Miércoles 30 de Junio de 2010
Malalai Joya: “La situación de Afganistán es hoy igual de catastrófica que durante el régimen talibán”
La activista afgana presenta el libro “Una mujer contra los señores de la guerra” (Kailas), con el que quiere difundir su punto de vista sobre la trágica situación en Afganistán y captar la comprensión y solidaridad internacional.
Eva Queralt, asiared, 30/06/2010
Malalai Joya fue la diputada más joven del Parlamento afgano, pero la expulsaron por comparar la institución con un establo. Éste fue el precio político por denunciar que la intervención internacional ha situado a destacados criminales en el poder. El precio personal es vivir en la clandestinidad para evitar que un nuevo atentado ponga fin a su vida. Ya ha escapado de cuatro. Ahora presenta el libro “Una mujer contra los señores de la guerra” (Kailas), con el cual pretende “quitar la máscara a los señores de la guerra y explicar que la supuesta guerra contra el terror es una ocupación”. Los beneficios irán destinados a proyectos educativos.
Usted está rotundamente en contra de la presencia de tropas extranjeras en Afganistán. ¿Cree que hoy el país está peor que en 2001?

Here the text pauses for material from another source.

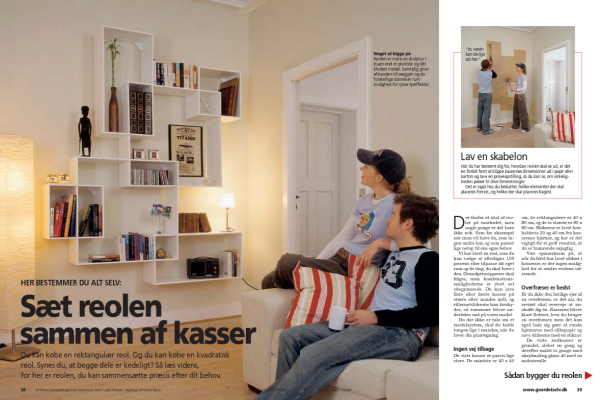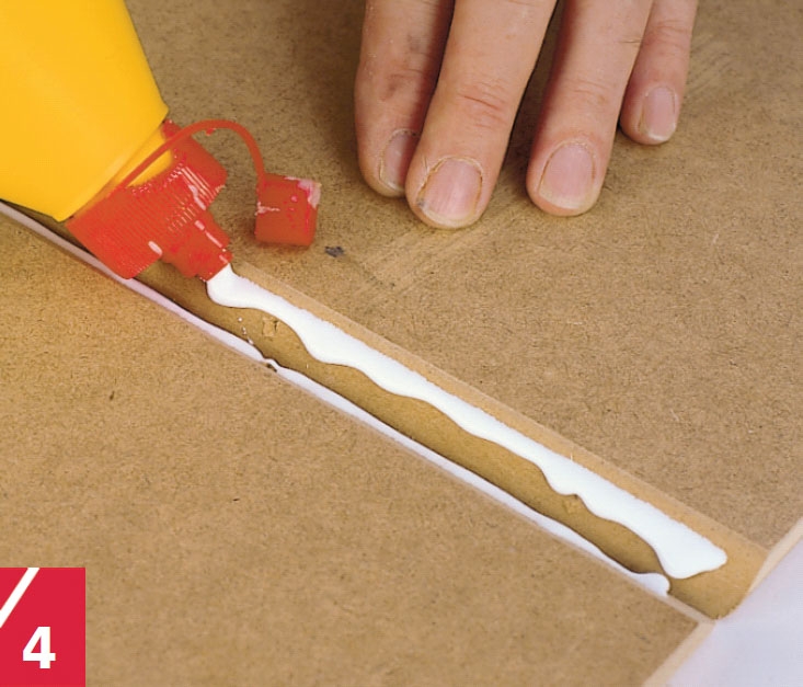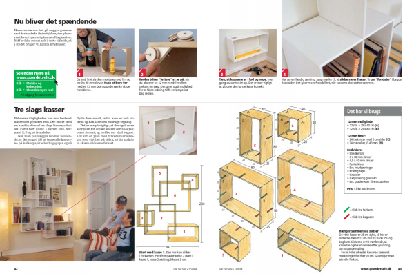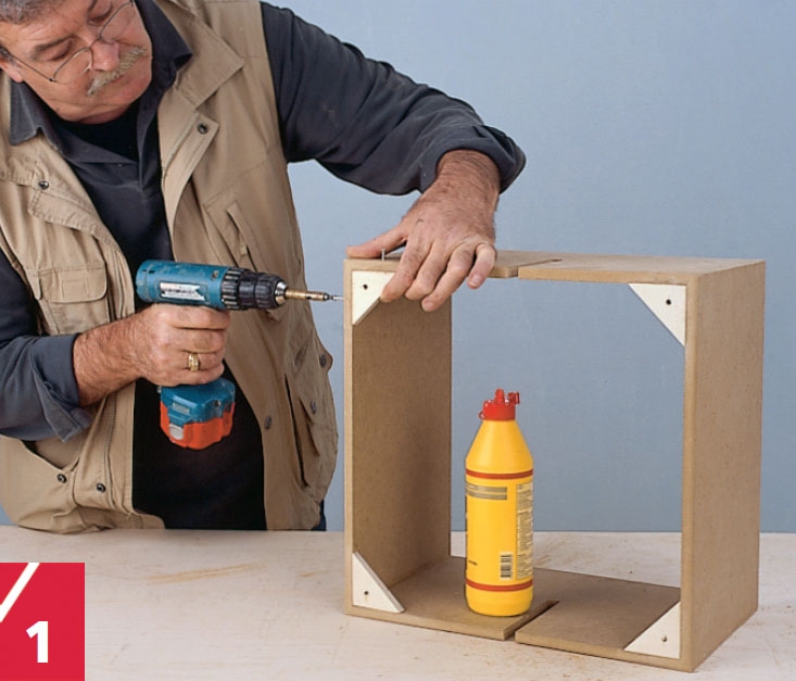 Hver reolkasse består af fire sider, der samles på gering (snit på 45 grader) i hvert hjørne med snedkerlim og seks 3 x 30 mm skruer. Du skal bore for til skru-erne for at undgå, at træet flækker, og skruerne skal undersænkes.

La situación de hoy es igual de catastrófica que durante el régimen talibán. En las áreas rurales y especialmente para las mujeres, la vida es un infierno. Sí que en algunas áreas las mujeres pueden ir al colegio o a trabajar, pero esta supuesta guerra contra el terror es también una guerra de propaganda que con pequeñas cosas busca justificar ante el mundo un conflicto con fines estratégicos y económicos. Estados Unidos y la OTAN dijeron que ocupaban Afganistán para traer democracia y derechos, pero pusieron al frente a los señores de la guerra, auténticos criminales. Por eso hoy, nueve años después, la situación es un desastre y Afganistán es un paraíso de terroristas y productores de droga.
Como dice, defender a las mujeres era uno de los objetivos de la intervención y hoy, en la Constitución, hombres y mujeres son iguales. ¿Se ha avanzado algo en la práctica?

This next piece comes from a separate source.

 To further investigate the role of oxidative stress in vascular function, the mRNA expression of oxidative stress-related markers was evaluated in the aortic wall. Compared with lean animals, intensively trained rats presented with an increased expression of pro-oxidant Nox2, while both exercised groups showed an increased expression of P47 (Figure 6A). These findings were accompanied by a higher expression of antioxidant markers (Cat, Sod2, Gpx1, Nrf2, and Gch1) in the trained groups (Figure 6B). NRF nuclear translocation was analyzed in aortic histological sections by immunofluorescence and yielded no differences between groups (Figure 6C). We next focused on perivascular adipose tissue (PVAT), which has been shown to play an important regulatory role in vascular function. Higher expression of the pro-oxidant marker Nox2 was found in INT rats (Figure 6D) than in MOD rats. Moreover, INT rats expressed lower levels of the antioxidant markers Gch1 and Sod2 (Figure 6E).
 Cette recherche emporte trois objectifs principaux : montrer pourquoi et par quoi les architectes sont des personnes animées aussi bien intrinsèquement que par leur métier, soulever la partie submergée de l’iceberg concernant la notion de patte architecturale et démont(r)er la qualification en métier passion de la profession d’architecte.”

Es verdad que la Constitución reconoce la igualdad de género y si tuviéramos un gobierno democrático se respetaría, pero ahora es papel mojado, se han dictado otras leyes que lo contradicen. Por ejemplo, el estatuto de la familia chiita no permite a las mujeres salir de casa sin el marido y no reconoce los mínimos derechos de la mujer. Pero además, no importa qué leyes hay porque no se respetan. Los criminales no son perseguidos o no están más que unos días en prisión, lo que provoca que aumenten los casos de niñas y las mujeres que sufren violaciones, ataques con ácido, violencia, bodas forzadas, suicidios… ¡Hay tantos ejemplos de ataques a mujeres y de criminales impunes! Para los señores de la guerra es más fácil matar a una mujer que a un pájaro.
Entonces, ¿qué diferencia hay respecto al régimen talibán?
La diferencia es que ahora muchos de estos crímenes los cometen los que se supone que deben traer la democracia. En cambio las activistas por los derechos humanos todavía tenemos que vivir en la clandestinidad. Con los talibanes yo llevaba la maldita burka para protegerme porque era maestra clandestina, y ahora sigo siendo clandestina y ni con burka y guardaespaldas estoy segura.
Así, para usted cuanto antes se retiren las tropas mejor. ¿Cómo ve el día después?
Si se van hoy, mejor que mañana. La gente ya está harta y quiere que nos dejen vivir solos, ya no esperamos nada bueno de las fuerzas extranjeras. Preferimos tener sólo un enemigo. Ahora tenemos dos, por un lado los talibanes, los señores de la guerra y de la droga, que no tienen ningún problema entre ellos y de hecho están negociando, y por el otro Estados Unidos y la OTAN, que están bombardeando el país y matando civiles. Y además ahora quieren negociar oficialmente con los talibanes, ¡es ridículo!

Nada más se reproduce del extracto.